Several advocate training programs are under way or planned. The National Breast Cancer Coalition was the pioneer with its Project Lead, a 4-day course launched in the mid-1990s. The ACS started an on-site training program for its advocates in 1999. The Coalition of National Cancer Cooperative Groups is planning a program, DoD has a mentoring program for new advocates, and the Komen Foundation instituted a formal orientation process for its advocate reviewers in 2000. At the NCI, training and orientation will be an integral part of the new CARRA program, Andejeski said.

While the need to define roles and develop orientation processes is a high priority among research advocates, other processes also need attention, they say. One is the system by which advocates become involved in research activities. In the early days, when there were fewer advocates, involvement tended to be through informal arrangements that depended on who investigators already knew.
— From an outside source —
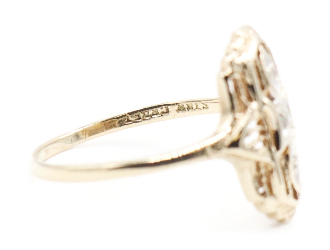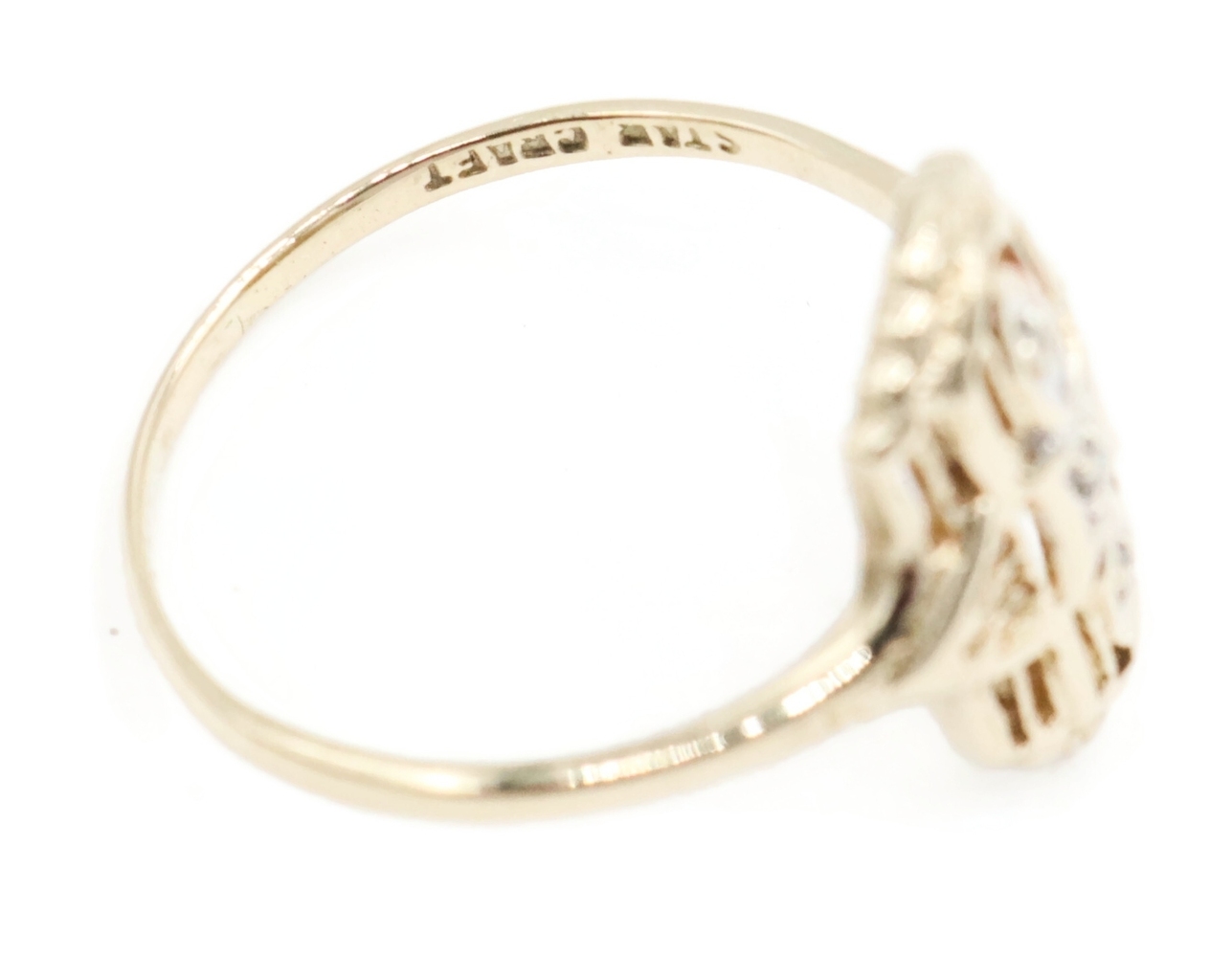Vintage-Style 0.02 Ctw Single Cut Diamond 10KT Gold Shield Ring by Star Craft. This ring is a size 7 3/4.

Now, organizations are beginning to develop systems to draw from the larger pool of advocates. The ACS, for instance, advertises "openings" through its local chapters and the media and puts all applications into a database. Program directors then select from among the nominees using established criteria. The DoD solicits nominations from several hundred advocacy organizations and makes selections, also based on established criteria.

Part of NCI’s plan for its CARRA program is to develop appropriate criteria for selection and establish a database of advocate participants, screened, trained, and willing to be matched up with appropriate activities at the institute.
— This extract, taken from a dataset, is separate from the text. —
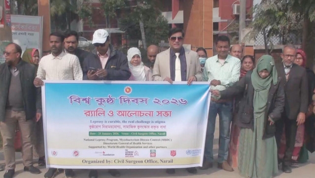 কুষ্ঠ রোগ নিরাময়যোগ্য, সামাজিক কুসংস্কার প্রকৃত বাধা এই প্রতিপাদ্যকে সামনে রখে নড়াইলে বিশ্ব কুষ্ঠ দিবস -২০২৬ পালিত হয়েছে। বেলা ১১ টায় এই উপলক্ষে সিভিল সার্জন কার্যালয় থেকে একটি র‌্যালি বের হয়ে শহরের প্রধান সড়ক প্রদক্ষিন করে একই স্থানে এসে শেষ হয়। পরে সিভিল সার্জন কার্যালয়ের হলরুমে এই উপলক্ষে আলোচনাসভা অনুষ্ঠিত হয়। সভায় সিভিল সার্জন ডাঃ মোঃ আব্দুর রশীদের সভাপতিত্বে আরো উপস্থিত ছিলেন নড়াইল সদর উপজেলা স্বাস্থ্য ও পরিবার কল্যান কর্মকর্তা ডাঃ রাজিব সরদার, সিভিল সার্জন কার্যালয়ের মেডিকেল অফিসার ডাঃ ইসমাইল হোসেন বাপ্পি, সিভিল সার্জন কার্যালয়ের জেলা স্বাস্থ্য তত্বাবধায়ক দুলাল চন্দ্র গাইন, (টিবি ও কুষ্ঠ রোগ) বিষয়ক জেলা ম্যানেজার শিউলী পারভিন, স্বাস্থ্য সহকারীবৃন্দ, এনজিও প্রতিনিধি, মিডিয়াকমীরা। আলোচনাসভায় বক্তারা, কুষ্ঠ রোগের বিভিন্ন দিক নিয়ে আলোচনা করেন। সভায় জানানো হয়, ২০১৩ সালের পর নড়াইল জেলায় কোন কুষ্ঠ রোগী শনাক্ত হয় নি।

Evaluation and feedback to refine the system is another evolving process in research organizations that have advocate participation. Follow-up interviews with both researchers and advocates are planned or an already established procedure in several places.

Like other parts of the infrastructure, evaluation processes are a sign of how established the advocates-in-research movement has become in the past decade and how its needs are changing as a result of success.

"Those of us who started this have to switch gears," said Collyar. "Now our challenge is to develop advocates who can dialogue effectively with researchers."